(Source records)
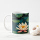 Three pink and white waterlilies and pads in an art nouveau style create a beautiful mug that's perfect for anyone who loves flowers and nature.
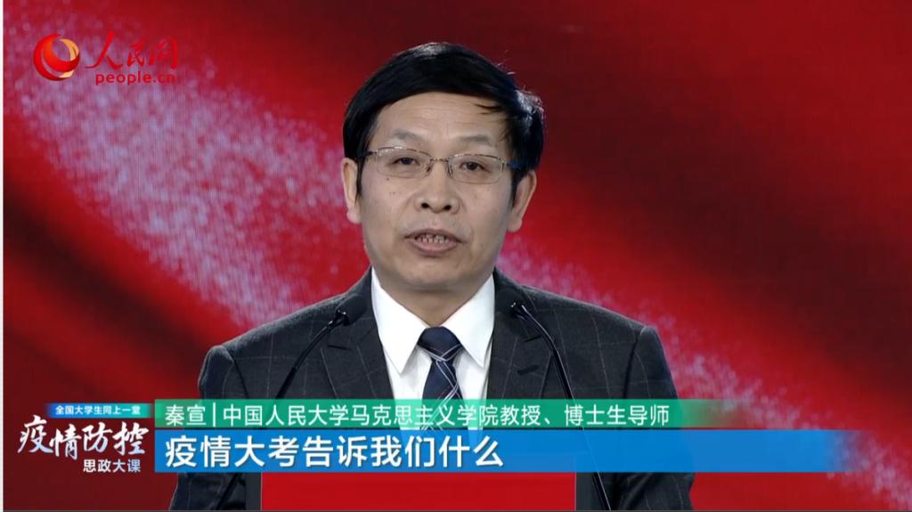 中国人民大学马克思主义学院教授秦宣聚焦“疫情大考告诉我们什么?”,分析中国抗疫彰显的中国共产党领导和中国特色社会主义制度的显著优势。他说,面向未来,我们必须通过推进国家体系和治理能力现代化,提高风险化解能力。
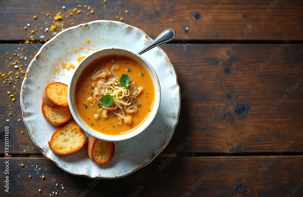 Bowl Of Creamy Onion Soup With Croutons And Wallpaper Mural - Decorly Solutions | Decorly Solutions
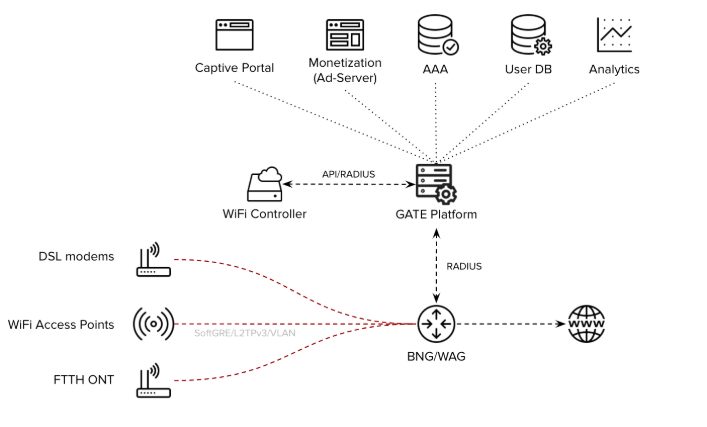 - Captive portal and AAA services for large-scale public WiFi deployments
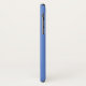 Élégant coque iPhone X fait en bleu avec des graphiques d'un grand tournesol jaune et marron qui regarde sur le côté gauche. Personnalisez le texte jaune pour vous-même ou comme une excellente idée cadeau.
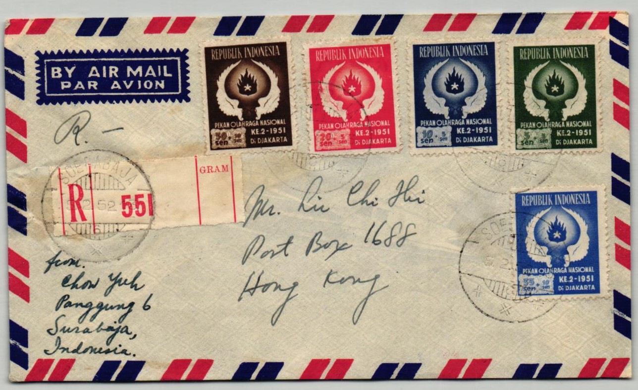 Indonesien Djakarta 1951 Nr. 89 – 93 Reko Lustpost / Airmail nach Hong Kong, Nationales Sportfest
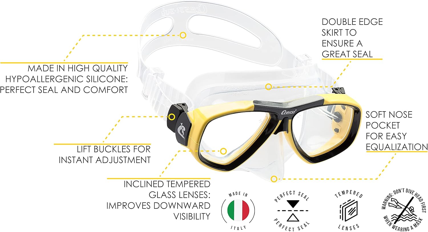 - Weiche und komfortable Dichtlippen verhinden das Eindringen von Wasser; Geringes Innenvolumen gewährleistet leichteres Ausblasen der Tauchmaske unter Wasser
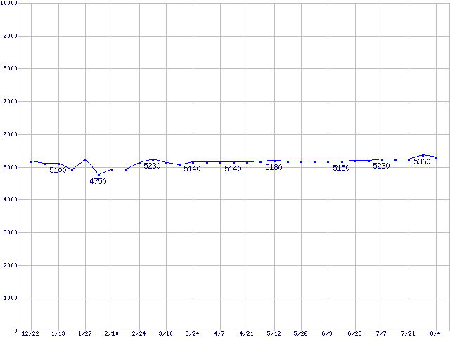 | DiamondMax Plus 8 (7200rpm,2MB,Ultra ATA/133)の最安値推移 | | | (2004年12月22日~2005年8月4日) |
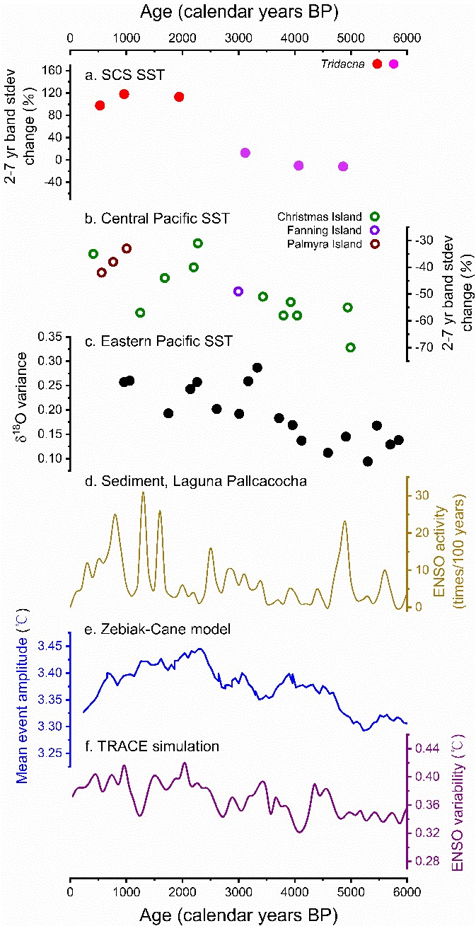为了进一步探讨中晚全新世的ENSO变率,本研究还集成了来自南海北部已发表的所有亚化石砗磲Sr/Ca序列。重建结果表明,从中全新世到晚全新世ENSO变率逐渐增加,这样的变化趋势也可以从一些古气候重建的ENSO变率中得到验证,如来自Laguna Pallcacocha drainage的沉积岩心,中太平洋集成的珊瑚δ18O序列及东太平洋有孔虫δ18O序列。此外,一些模式的模拟结果也预测了中晚全新世逐渐增强的ENSO变率,这可能是由于轨道变化引起的太阳辐射改变造成的。
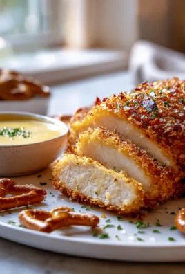 Baked Pretzel Crusted Chicken with Cheddar Dipping Sauce Recipe
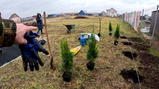 Посадили тюльпаны и туи. Компостная яма на даче.
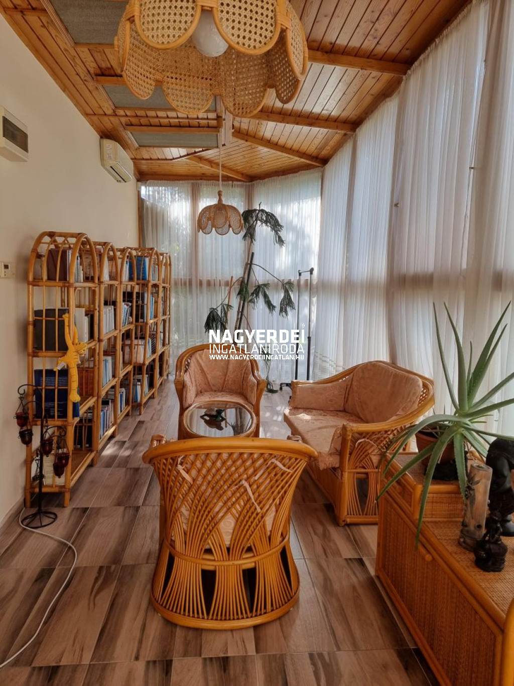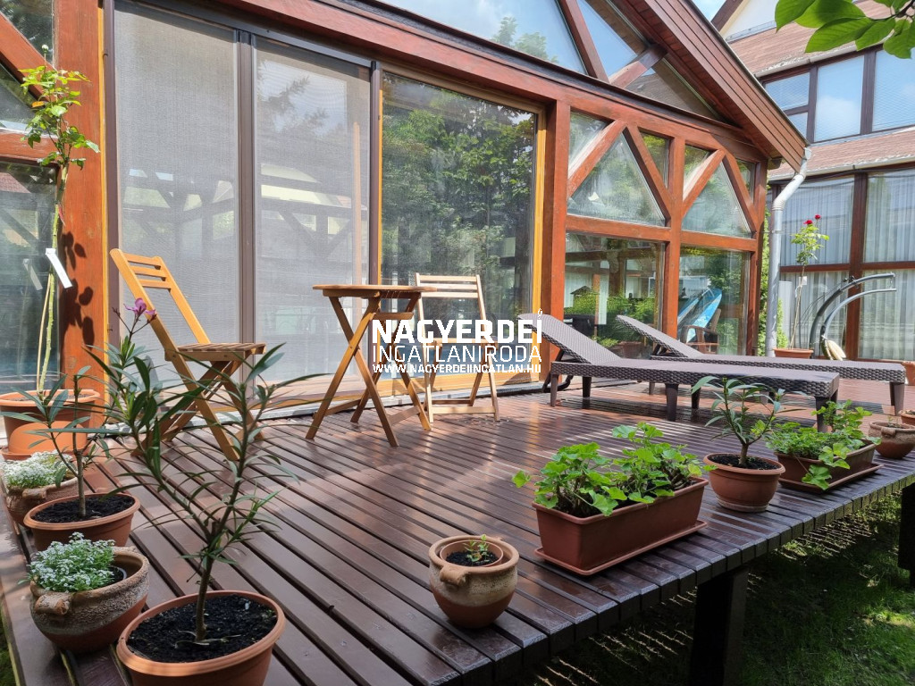 A főépületet egy 140 m²-es medenceház egészíti ki, amelyhez hangulatos terasz kapcsolódik – ideális helyszín családi összejövetelekhez, pihenéshez vagy exkluzív vendégfogadáshoz.
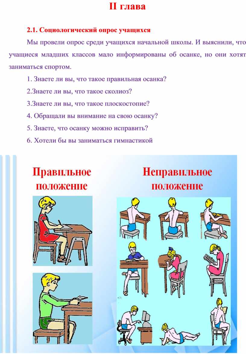 Вторая глава исследования посвящена физическим упражнениям и играм для формирования правильной осанки. Также рассмотрели упражнения для исправления и профилактике нарушений осанки; определили правильную и неправильную осанку у детей.
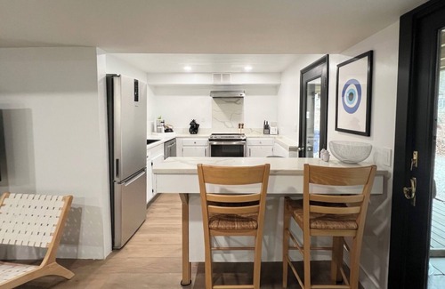 Newly renovated 2 bed/1 bath fully equipped with everything you could possibly need and more! Fully stocked with kitchen appliances, spices, tea, coffee makers, bath towels, sheets, blankets, games, etc.. :) The space is cozy yet spacious with all the amenities to dine in, relax, walk to activities and enjoy!
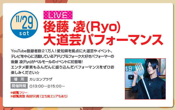 平和堂長久手店の屋上駐車場で開催される”秋祭り”にて①11:00〜②14:15〜の2公演大道芸させて頂きます!⚠️合間の13:00~13:30では”後藤 凌(Ryo)と対決企画(先着20名)”がまた開催されるのでお楽しみに🍴
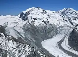 ![]() Vista aérea de la Pared Este del Monte Rosa | ||
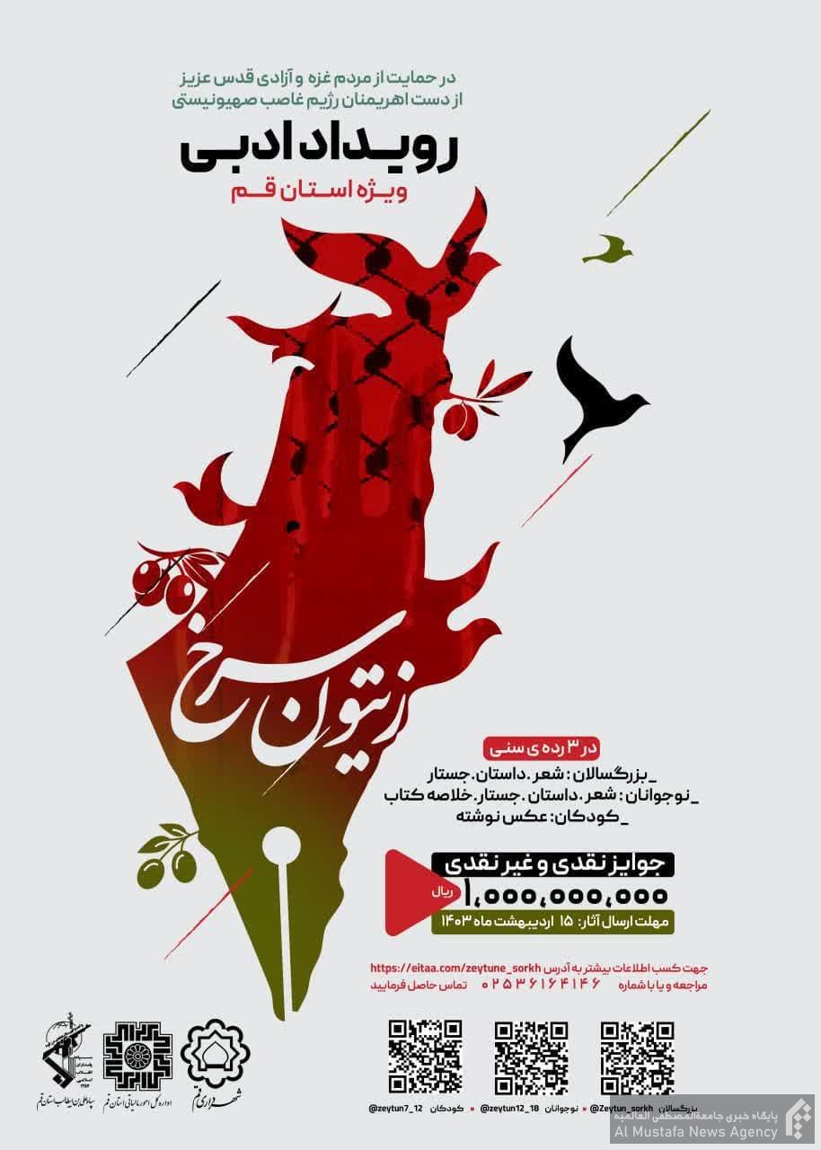 در حمایت از مردم غزه و آزادی قدس عزیز از دست اهریمنان رژیم غاصب صهیونیستی، رویداد ادبی «زیتون سرخ» ویژه استان قم برگزار میگردد.
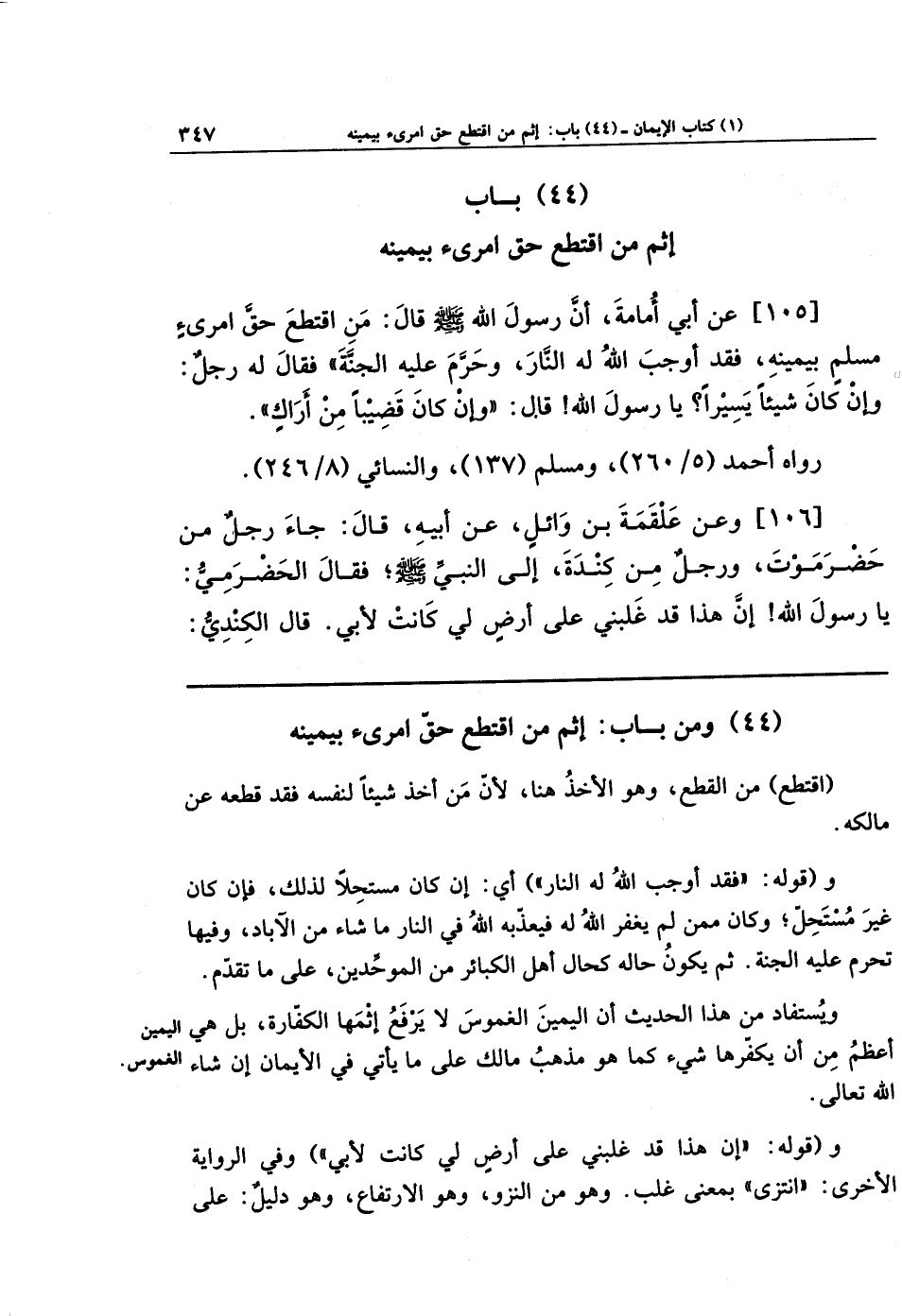 (44) وَمِن بَابِ إِثمِ مَنِ اقتَطَعَ حَقَّ امرِئٍ بِيَمِينِهِ
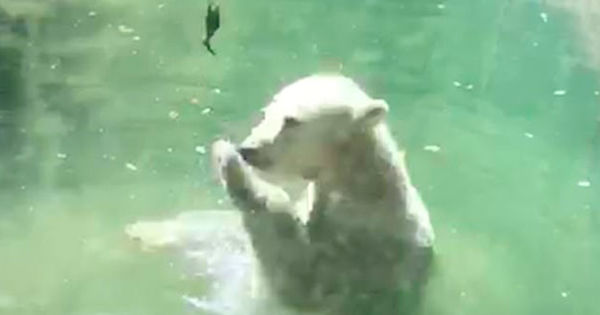 В мюнхенском зоопарке полярный медведь вместо того, чтобы съесть маленькую птичку, доставленную ему на обед, стал подбрасывать ее в воздух. Необычные кадры сняли местные жители, передаёт tvzvezda.ruНа записи видно, как животное плавает в бассейне вместе с птицей, нюхает ее, подкидывает, облизывает, затем снова бросает наверх.Глядя на происходящее, очевидцы предположили, что косолапый таким образом пытался «оживить» птицу, хотел, чтобы она взлетела и вовсе не собирался ее есть.Однако действия медведя не приводили к желаемом результату, продолжая держать в лапах безжизненную птицу, хищник поплыл к краю вольера и положил ее на бетонный выступ.Среди зрителей нашлись те, кто посчитал, что зверь не собирался спасать птицу, а просто играл со своей едой.

> [WHAT NEEDS TO BE DONE] Your answer is the exact run of lines above from the one with "- Weiche und" through the one with "ATA/133)の最安値推移 | | | (2004年12月22日~2005年8月4日) |", both ends included, minus any picture.

> [ANSWER SECTION]
 - Weiche und komfortable Dichtlippen verhinden das Eindringen von Wasser; Geringes Innenvolumen gewährleistet leichteres Ausblasen der Tauchmaske unter Wasser
 | DiamondMax Plus 8 (7200rpm,2MB,Ultra ATA/133)の最安値推移 | | | (2004年12月22日~2005年8月4日) |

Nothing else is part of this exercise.